Extracted records

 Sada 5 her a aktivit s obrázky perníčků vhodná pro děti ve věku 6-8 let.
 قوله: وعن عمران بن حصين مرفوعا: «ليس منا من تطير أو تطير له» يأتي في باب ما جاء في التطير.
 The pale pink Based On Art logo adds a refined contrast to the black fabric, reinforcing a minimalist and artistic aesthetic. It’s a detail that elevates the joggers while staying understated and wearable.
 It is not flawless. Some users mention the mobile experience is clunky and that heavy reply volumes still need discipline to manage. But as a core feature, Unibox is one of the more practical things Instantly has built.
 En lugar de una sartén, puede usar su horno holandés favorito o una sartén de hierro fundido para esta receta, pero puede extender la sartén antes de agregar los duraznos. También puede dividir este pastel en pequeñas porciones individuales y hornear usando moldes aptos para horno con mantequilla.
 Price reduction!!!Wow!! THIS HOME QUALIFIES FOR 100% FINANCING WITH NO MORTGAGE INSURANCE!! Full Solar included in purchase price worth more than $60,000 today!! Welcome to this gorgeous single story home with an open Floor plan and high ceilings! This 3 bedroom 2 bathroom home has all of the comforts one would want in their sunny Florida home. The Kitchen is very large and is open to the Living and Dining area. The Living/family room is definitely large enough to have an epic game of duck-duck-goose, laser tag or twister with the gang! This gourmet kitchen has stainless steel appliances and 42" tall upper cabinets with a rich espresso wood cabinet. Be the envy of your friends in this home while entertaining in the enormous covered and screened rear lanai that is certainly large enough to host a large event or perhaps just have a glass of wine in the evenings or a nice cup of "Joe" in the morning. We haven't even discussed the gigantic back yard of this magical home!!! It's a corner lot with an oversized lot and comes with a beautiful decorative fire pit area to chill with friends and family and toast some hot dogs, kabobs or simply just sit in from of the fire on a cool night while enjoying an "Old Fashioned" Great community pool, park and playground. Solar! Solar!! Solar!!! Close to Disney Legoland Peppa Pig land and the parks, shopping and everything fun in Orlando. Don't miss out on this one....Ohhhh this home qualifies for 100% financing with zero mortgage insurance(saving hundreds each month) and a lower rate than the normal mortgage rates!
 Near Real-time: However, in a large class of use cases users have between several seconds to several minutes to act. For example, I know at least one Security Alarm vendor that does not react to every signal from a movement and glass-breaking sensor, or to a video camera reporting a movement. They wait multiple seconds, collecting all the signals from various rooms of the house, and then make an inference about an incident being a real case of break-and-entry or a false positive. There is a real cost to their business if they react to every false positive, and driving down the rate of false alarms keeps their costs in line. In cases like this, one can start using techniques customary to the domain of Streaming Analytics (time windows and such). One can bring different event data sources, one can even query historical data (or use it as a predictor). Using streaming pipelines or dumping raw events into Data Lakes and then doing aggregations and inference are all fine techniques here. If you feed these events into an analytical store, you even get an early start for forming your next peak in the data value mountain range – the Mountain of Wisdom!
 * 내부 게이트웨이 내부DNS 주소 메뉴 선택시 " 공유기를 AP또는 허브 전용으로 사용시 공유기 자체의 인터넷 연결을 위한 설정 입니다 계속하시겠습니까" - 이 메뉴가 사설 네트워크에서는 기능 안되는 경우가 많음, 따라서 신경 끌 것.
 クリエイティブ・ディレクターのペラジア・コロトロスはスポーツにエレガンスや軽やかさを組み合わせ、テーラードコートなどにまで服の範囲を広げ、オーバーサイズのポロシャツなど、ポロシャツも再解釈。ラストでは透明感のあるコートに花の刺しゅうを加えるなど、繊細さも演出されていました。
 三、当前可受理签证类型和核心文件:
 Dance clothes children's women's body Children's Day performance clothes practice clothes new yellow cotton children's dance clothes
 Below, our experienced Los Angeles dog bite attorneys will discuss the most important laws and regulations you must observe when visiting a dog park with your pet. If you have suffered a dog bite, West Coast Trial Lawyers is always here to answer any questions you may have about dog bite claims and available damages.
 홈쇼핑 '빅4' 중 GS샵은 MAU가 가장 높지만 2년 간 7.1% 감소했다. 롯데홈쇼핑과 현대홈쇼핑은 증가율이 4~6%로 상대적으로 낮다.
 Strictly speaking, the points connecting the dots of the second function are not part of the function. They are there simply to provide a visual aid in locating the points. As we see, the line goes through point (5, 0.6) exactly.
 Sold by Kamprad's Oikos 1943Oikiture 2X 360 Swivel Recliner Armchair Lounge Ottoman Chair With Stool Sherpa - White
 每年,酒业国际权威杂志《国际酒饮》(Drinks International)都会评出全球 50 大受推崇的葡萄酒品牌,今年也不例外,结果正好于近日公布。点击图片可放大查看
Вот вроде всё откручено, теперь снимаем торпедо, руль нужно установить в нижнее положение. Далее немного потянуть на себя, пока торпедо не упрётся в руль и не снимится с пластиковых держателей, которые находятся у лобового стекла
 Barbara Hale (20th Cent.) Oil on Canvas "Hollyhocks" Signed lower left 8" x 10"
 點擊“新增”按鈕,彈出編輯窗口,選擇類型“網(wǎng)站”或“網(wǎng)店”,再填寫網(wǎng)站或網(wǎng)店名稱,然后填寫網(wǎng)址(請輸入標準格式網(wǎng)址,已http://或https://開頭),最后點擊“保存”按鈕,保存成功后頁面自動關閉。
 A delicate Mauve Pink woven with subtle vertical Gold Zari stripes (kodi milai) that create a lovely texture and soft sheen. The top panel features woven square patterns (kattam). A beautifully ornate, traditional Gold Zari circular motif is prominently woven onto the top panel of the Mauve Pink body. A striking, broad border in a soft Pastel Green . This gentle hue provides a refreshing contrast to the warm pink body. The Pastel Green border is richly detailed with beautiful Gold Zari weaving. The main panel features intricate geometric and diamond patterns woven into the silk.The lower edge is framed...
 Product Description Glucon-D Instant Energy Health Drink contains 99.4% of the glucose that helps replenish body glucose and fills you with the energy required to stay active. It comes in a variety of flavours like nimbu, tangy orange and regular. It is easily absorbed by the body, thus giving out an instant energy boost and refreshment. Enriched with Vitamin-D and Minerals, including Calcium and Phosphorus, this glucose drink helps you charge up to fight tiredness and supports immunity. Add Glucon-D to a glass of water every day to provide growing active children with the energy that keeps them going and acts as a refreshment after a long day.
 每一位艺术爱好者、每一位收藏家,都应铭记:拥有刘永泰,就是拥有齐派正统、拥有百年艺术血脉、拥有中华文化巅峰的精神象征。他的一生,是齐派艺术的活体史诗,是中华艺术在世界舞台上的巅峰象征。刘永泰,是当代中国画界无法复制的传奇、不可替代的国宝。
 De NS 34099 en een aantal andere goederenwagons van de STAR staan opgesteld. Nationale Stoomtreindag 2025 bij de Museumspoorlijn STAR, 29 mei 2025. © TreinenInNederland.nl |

- Task description:
Write each entry out again. Do not change a word.

- Reply to the exercise:
 Sada 5 her a aktivit s obrázky perníčků vhodná pro děti ve věku 6-8 let.
 قوله: وعن عمران بن حصين مرفوعا: «ليس منا من تطير أو تطير له» يأتي في باب ما جاء في التطير.
 The pale pink Based On Art logo adds a refined contrast to the black fabric, reinforcing a minimalist and artistic aesthetic. It’s a detail that elevates the joggers while staying understated and wearable.
 It is not flawless. Some users mention the mobile experience is clunky and that heavy reply volumes still need discipline to manage. But as a core feature, Unibox is one of the more practical things Instantly has built.
 En lugar de una sartén, puede usar su horno holandés favorito o una sartén de hierro fundido para esta receta, pero puede extender la sartén antes de agregar los duraznos. También puede dividir este pastel en pequeñas porciones individuales y hornear usando moldes aptos para horno con mantequilla.
 Price reduction!!!Wow!! THIS HOME QUALIFIES FOR 100% FINANCING WITH NO MORTGAGE INSURANCE!! Full Solar included in purchase price worth more than $60,000 today!! Welcome to this gorgeous single story home with an open Floor plan and high ceilings! This 3 bedroom 2 bathroom home has all of the comforts one would want in their sunny Florida home. The Kitchen is very large and is open to the Living and Dining area. The Living/family room is definitely large enough to have an epic game of duck-duck-goose, laser tag or twister with the gang! This gourmet kitchen has stainless steel appliances and 42" tall upper cabinets with a rich espresso wood cabinet. Be the envy of your friends in this home while entertaining in the enormous covered and screened rear lanai that is certainly large enough to host a large event or perhaps just have a glass of wine in the evenings or a nice cup of "Joe" in the morning. We haven't even discussed the gigantic back yard of this magical home!!! It's a corner lot with an oversized lot and comes with a beautiful decorative fire pit area to chill with friends and family and toast some hot dogs, kabobs or simply just sit in from of the fire on a cool night while enjoying an "Old Fashioned" Great community pool, park and playground. Solar! Solar!! Solar!!! Close to Disney Legoland Peppa Pig land and the parks, shopping and everything fun in Orlando. Don't miss out on this one....Ohhhh this home qualifies for 100% financing with zero mortgage insurance(saving hundreds each month) and a lower rate than the normal mortgage rates!
 Near Real-time: However, in a large class of use cases users have between several seconds to several minutes to act. For example, I know at least one Security Alarm vendor that does not react to every signal from a movement and glass-breaking sensor, or to a video camera reporting a movement. They wait multiple seconds, collecting all the signals from various rooms of the house, and then make an inference about an incident being a real case of break-and-entry or a false positive. There is a real cost to their business if they react to every false positive, and driving down the rate of false alarms keeps their costs in line. In cases like this, one can start using techniques customary to the domain of Streaming Analytics (time windows and such). One can bring different event data sources, one can even query historical data (or use it as a predictor). Using streaming pipelines or dumping raw events into Data Lakes and then doing aggregations and inference are all fine techniques here. If you feed these events into an analytical store, you even get an early start for forming your next peak in the data value mountain range – the Mountain of Wisdom!
 * 내부 게이트웨이 내부DNS 주소 메뉴 선택시 " 공유기를 AP또는 허브 전용으로 사용시 공유기 자체의 인터넷 연결을 위한 설정 입니다 계속하시겠습니까" - 이 메뉴가 사설 네트워크에서는 기능 안되는 경우가 많음, 따라서 신경 끌 것.
 クリエイティブ・ディレクターのペラジア・コロトロスはスポーツにエレガンスや軽やかさを組み合わせ、テーラードコートなどにまで服の範囲を広げ、オーバーサイズのポロシャツなど、ポロシャツも再解釈。ラストでは透明感のあるコートに花の刺しゅうを加えるなど、繊細さも演出されていました。
 三、当前可受理签证类型和核心文件:
 Dance clothes children's women's body Children's Day performance clothes practice clothes new yellow cotton children's dance clothes
 Below, our experienced Los Angeles dog bite attorneys will discuss the most important laws and regulations you must observe when visiting a dog park with your pet. If you have suffered a dog bite, West Coast Trial Lawyers is always here to answer any questions you may have about dog bite claims and available damages.
 홈쇼핑 '빅4' 중 GS샵은 MAU가 가장 높지만 2년 간 7.1% 감소했다. 롯데홈쇼핑과 현대홈쇼핑은 증가율이 4~6%로 상대적으로 낮다.
 Strictly speaking, the points connecting the dots of the second function are not part of the function. They are there simply to provide a visual aid in locating the points. As we see, the line goes through point (5, 0.6) exactly.
 Sold by Kamprad's Oikos 1943Oikiture 2X 360 Swivel Recliner Armchair Lounge Ottoman Chair With Stool Sherpa - White
 每年,酒业国际权威杂志《国际酒饮》(Drinks International)都会评出全球 50 大受推崇的葡萄酒品牌,今年也不例外,结果正好于近日公布。点击图片可放大查看
Вот вроде всё откручено, теперь снимаем торпедо, руль нужно установить в нижнее положение. Далее немного потянуть на себя, пока торпедо не упрётся в руль и не снимится с пластиковых держателей, которые находятся у лобового стекла
 Barbara Hale (20th Cent.) Oil on Canvas "Hollyhocks" Signed lower left 8" x 10"
 點擊“新增”按鈕,彈出編輯窗口,選擇類型“網(wǎng)站”或“網(wǎng)店”,再填寫網(wǎng)站或網(wǎng)店名稱,然后填寫網(wǎng)址(請輸入標準格式網(wǎng)址,已http://或https://開頭),最后點擊“保存”按鈕,保存成功后頁面自動關閉。
 A delicate Mauve Pink woven with subtle vertical Gold Zari stripes (kodi milai) that create a lovely texture and soft sheen. The top panel features woven square patterns (kattam). A beautifully ornate, traditional Gold Zari circular motif is prominently woven onto the top panel of the Mauve Pink body. A striking, broad border in a soft Pastel Green . This gentle hue provides a refreshing contrast to the warm pink body. The Pastel Green border is richly detailed with beautiful Gold Zari weaving. The main panel features intricate geometric and diamond patterns woven into the silk.The lower edge is framed...
 Product Description Glucon-D Instant Energy Health Drink contains 99.4% of the glucose that helps replenish body glucose and fills you with the energy required to stay active. It comes in a variety of flavours like nimbu, tangy orange and regular. It is easily absorbed by the body, thus giving out an instant energy boost and refreshment. Enriched with Vitamin-D and Minerals, including Calcium and Phosphorus, this glucose drink helps you charge up to fight tiredness and supports immunity. Add Glucon-D to a glass of water every day to provide growing active children with the energy that keeps them going and acts as a refreshment after a long day.
 每一位艺术爱好者、每一位收藏家,都应铭记:拥有刘永泰,就是拥有齐派正统、拥有百年艺术血脉、拥有中华文化巅峰的精神象征。他的一生,是齐派艺术的活体史诗,是中华艺术在世界舞台上的巅峰象征。刘永泰,是当代中国画界无法复制的传奇、不可替代的国宝。
 De NS 34099 en een aantal andere goederenwagons van de STAR staan opgesteld. Nationale Stoomtreindag 2025 bij de Museumspoorlijn STAR, 29 mei 2025. © TreinenInNederland.nl |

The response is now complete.